A closer look at an NYU study on a mind altering drug revealed numerous violations so it was closed down.

The New York Times reports.

An N.Y.U. Study Gone Wrong, and a Top Researcher Dismissed

New York University’s medical school has quietly shut down eight studies at its prominent psychiatric research center and parted ways with a top researcher after discovering a series of violations in a study of an experimental, mind-altering drug.

A subsequent federal investigation found lax oversight of study participants, most of whom had serious mental issues. The Food and Drug Administration investigators also found that records had been falsified and researchers had failed to keep accurate case histories.

In one of the shuttered studies, people with a diagnosis of post-traumatic stress caused by childhood abuse took a relatively untested drug intended to mimic the effects of marijuana, to see if it relieved symptoms.

“I think their intent was good, and they were considerate to me,” said one of those subjects, Diane Ruffcorn, 40, of Seattle, who said she was sexually abused as a child. “But what concerned me, I was given this drug, and all these tests, and then it was goodbye, I was on my own.
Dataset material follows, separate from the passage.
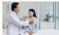
Gleneagles Medini Hospital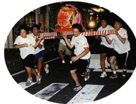
▲てまりみこしを持ち上げスタート。膝頭を赤くする選手もチラホラ

There was no follow-up.”

It’s a critical time for two important but still controversial areas of psychiatry: the search for a blood test or other biological sign of post-traumatic stress disorder, which has so far come up empty, and the use of recreational drugs like ecstasy and marijuana to treat it.

At least one trial of marijuana, and one using ecstasy, are in the works for traumatized veterans, and some psychiatrists and many patients see this work as having enormous promise to reshape and improve treatment for trauma. But obtaining approval to use the drugs in experiments is still politically sensitive. Doctors who have done studies with these drugs say that their uncertain effects on traumatic memory make close supervision during treatment essential.